The code matured and it works now rather well. I didn't liked the decision back then. I don't like it now. But I also don't request a rewrite in C, C++, Rust or Python. Without good reasons (plural) it doesn't benefit the project.
Java also suffered. This rewrite of C++ to Java with JRE is a example, why rewrites for the sake of rewrites aren't a solution:
Rust has never been successfully used to develop large-scale software of the size of SharePoint, Exchange, or anything of that order of magnitude: gigabytes of compiled code with the main executable being 10s of megabytes in size.
An observation I've made about Rust is that because it eschews OOP, it tends not to "scale" to large development teams for single applications. It's great for CLI tools, small web apps, etc... but after some scale it runs out of steam.
This is exacerbated by its glacial compile times compared to other languages, even C++, let alone C#.
I just can't imagine something the size of SharePoint being developed entirely in Rust!
Think of an app like SharePoint as "Linux Kernel + Drivers + Userspace tools". There's a few large monolithic executables some tens of megabytes in size for each of the core web apps and services, and then hundreds file format converter plugins, database drivers, etc, etc...
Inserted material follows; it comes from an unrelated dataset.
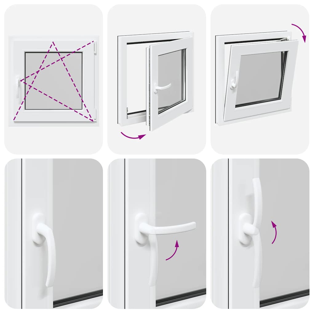 - Două moduri de ventilație: Fereastra de ieșire poate fi înclinată pentru ventilație, permițând un flux de aer sigur chiar și în zilele ploioase, împiedicând în același timp pătrunderea apei. De asemenea, poate fi rotit orizontal spre interior, fiind ideal pentru ventilație completă sau curățare ușoară.

Chromium is similar. It's practically an operating system now, it even has USB drivers! I had to compile Chromium from scratch once, for which I spun up a 120-core cloud VM with 456 GB of memory so that it wouldn't take all day.
With Rust... that would take all week even on that box.
I mean.. people contributing to FOSS generally program in what they know - i.e. I have some time to contribute, I'll spend 10 productive hours in C, because I know what I'm doing, vs. learning Rust only to spend 30 hours and not really getting anything done.
I contributed to a Tcl/Tk library that I was using at work that had a specific issue with some image files, so I fixed it internally, and contributed the fix back to the FOSS project (with permission from work).
People working at Microsoft in the SharePoint team also program in a language/framework they know (and they must be masochists if they're working with ASP.NET WebForms). Knowledge of the language doesn't prevent vulnerabilities.